→ What needs to be done
Omit all pictures. Quote only the lines from the one with "スワロフスキー・パール入りゅ" through the end of the material below.
▼▼▼
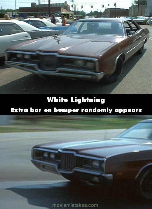 Continuity mistake: As Gator is pulling his brown Ford into a parking space, the front bumper has a pipe bolted to its leading edge in a mild 'V'. This feature is not seen elsewhere in the film and was added to protect the car during filming of a collision later in the film. (00:29:25)
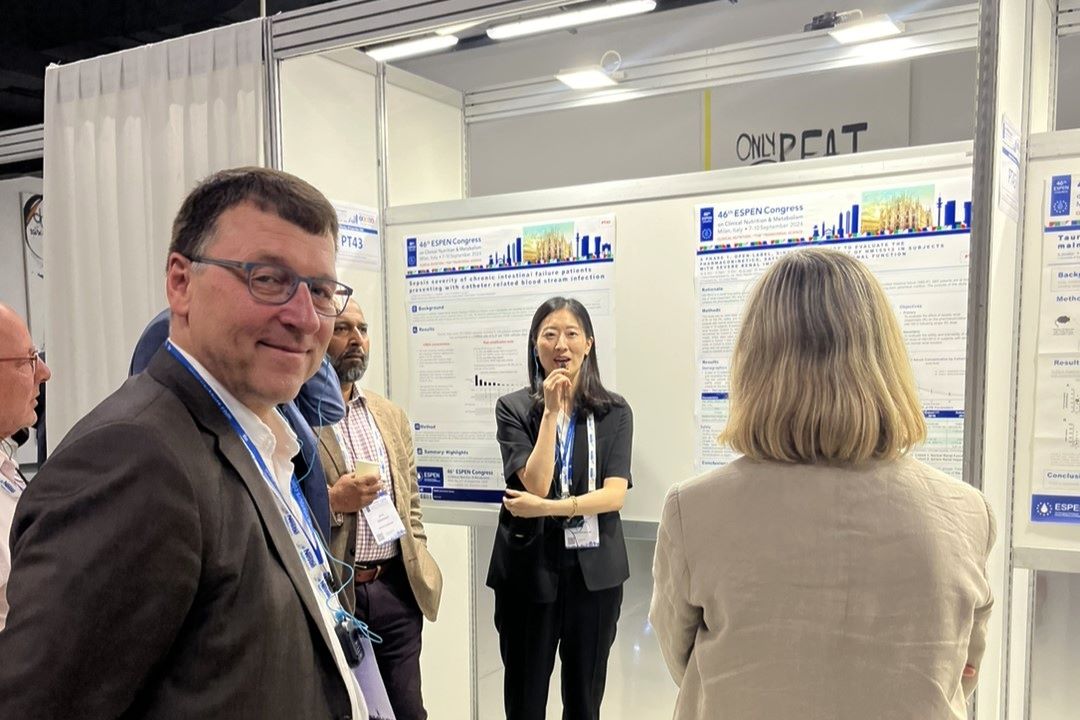 NSP통신-한미약품 GM임상팀 이문희 이사(가운데)가 9월 이탈리아 밀라노에서 열린 유럽임상영양대사학회(ESPEN)에서 단장증후군 치료제로 개발중인 소네페글루타이드의 임상 1상 약동학 결과를 발표하고 있다. (사진 = 한미약품)
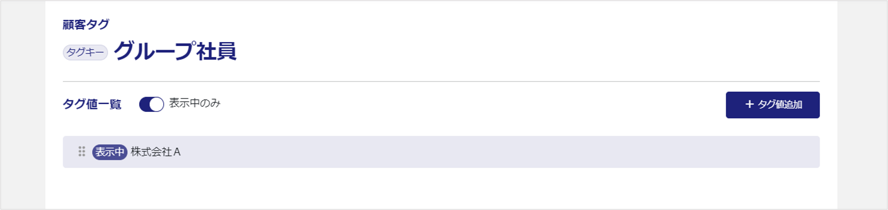 ※顧客タグキーを非表示にすると、それに紐づく顧客タグ値もすべて非表示になります。
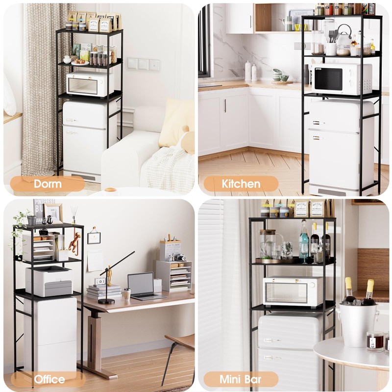 - MINI FRIDGE Shelf: 3 Tier mini fridge shelves for storing various sizes of microwave ovens and kitchen utensils. Modern style is more in line with your dormitory environment.
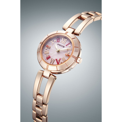 スワロフスキー・パール入りゅうず・カットガラス・貝文字板を採用し、華やかさとキュートさを兼ねそなえたモデル。
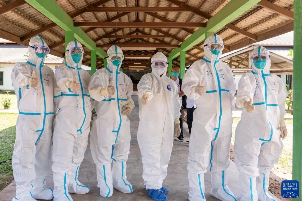 中国抗疫专家组在老挝北部乌多姆赛省准备进入新冠确诊患者隔离病房(5月10日摄)。新华社发(农丽春摄)
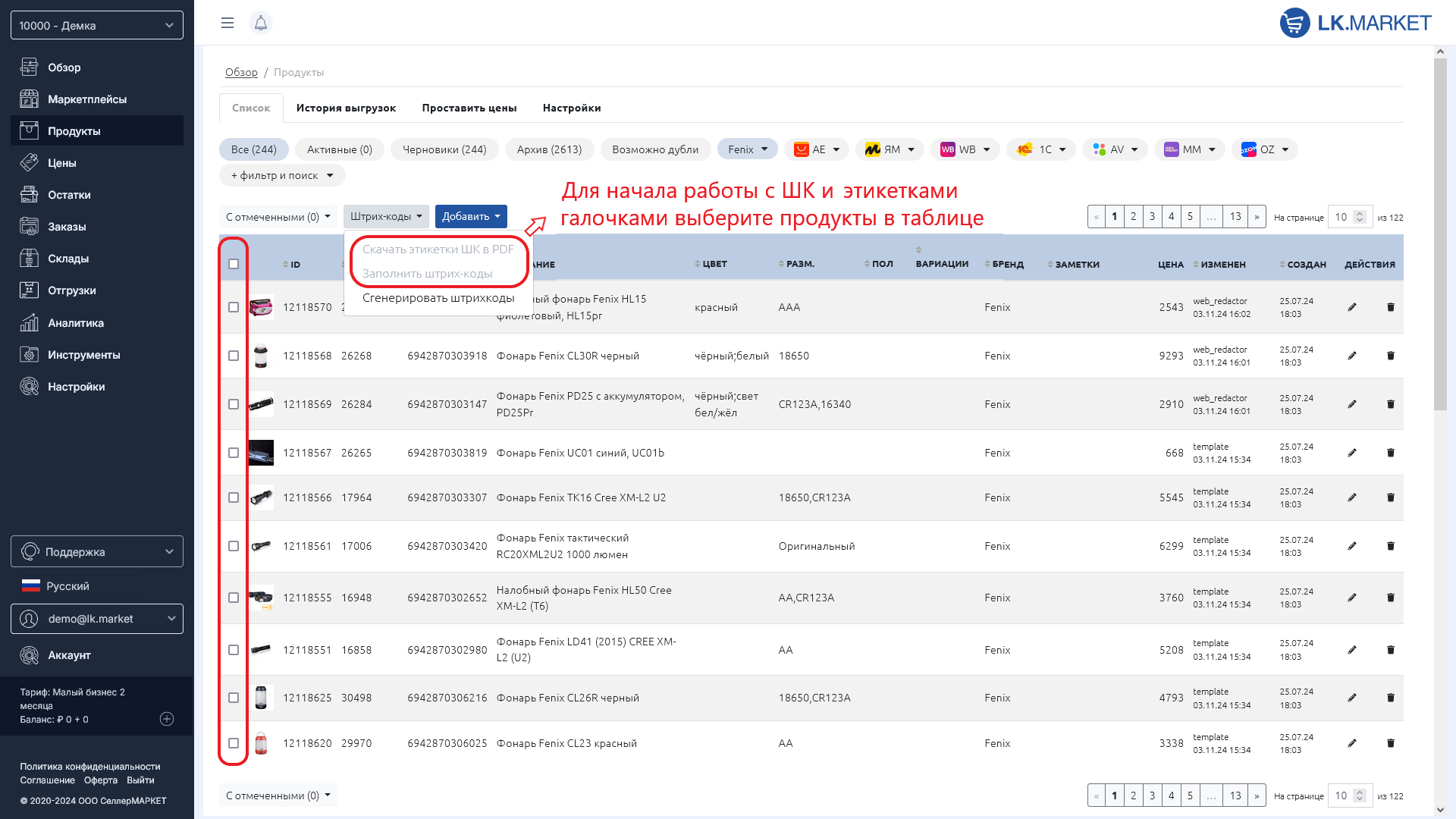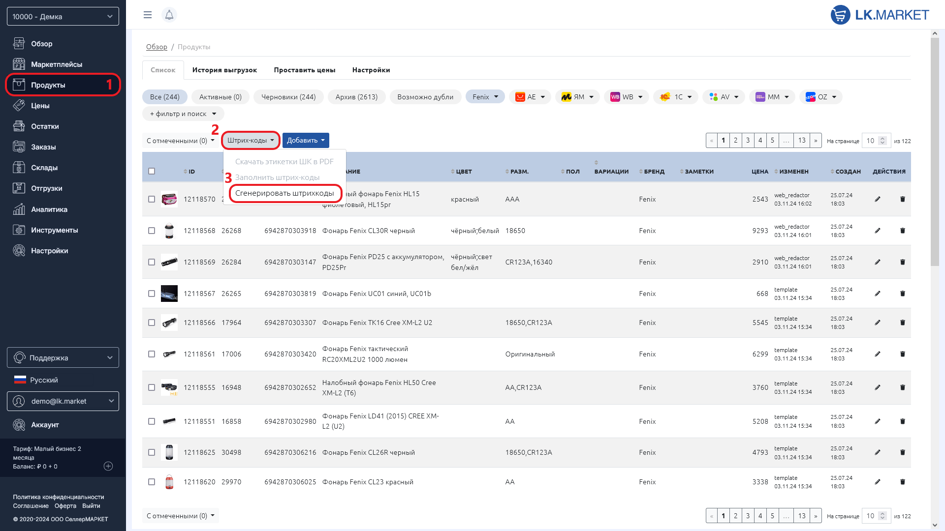 Платформа LK.MARKET позволяет массово и поштучно генерировать уникальные ШК под разные маркетплейсы, устанавливать их в товарные карточки, по клику формировать этикетки с баркодами (полоски и числа) и заполнеными характеристиками товаров, выгрузить их в ленту PDF для печати и дальнейшей работы с ними. Размеры, форматы и вид этикеток представления можно выбирать из предустановленных.
▲▲▲
→ Result of the task
 スワロフスキー・パール入りゅうず・カットガラス・貝文字板を採用し、華やかさとキュートさを兼ねそなえたモデル。
 中国抗疫专家组在老挝北部乌多姆赛省准备进入新冠确诊患者隔离病房(5月10日摄)。新华社发(农丽春摄)
 Платформа LK.MARKET позволяет массово и поштучно генерировать уникальные ШК под разные маркетплейсы, устанавливать их в товарные карточки, по клику формировать этикетки с баркодами (полоски и числа) и заполнеными характеристиками товаров, выгрузить их в ленту PDF для печати и дальнейшей работы с ними. Размеры, форматы и вид этикеток представления можно выбирать из предустановленных.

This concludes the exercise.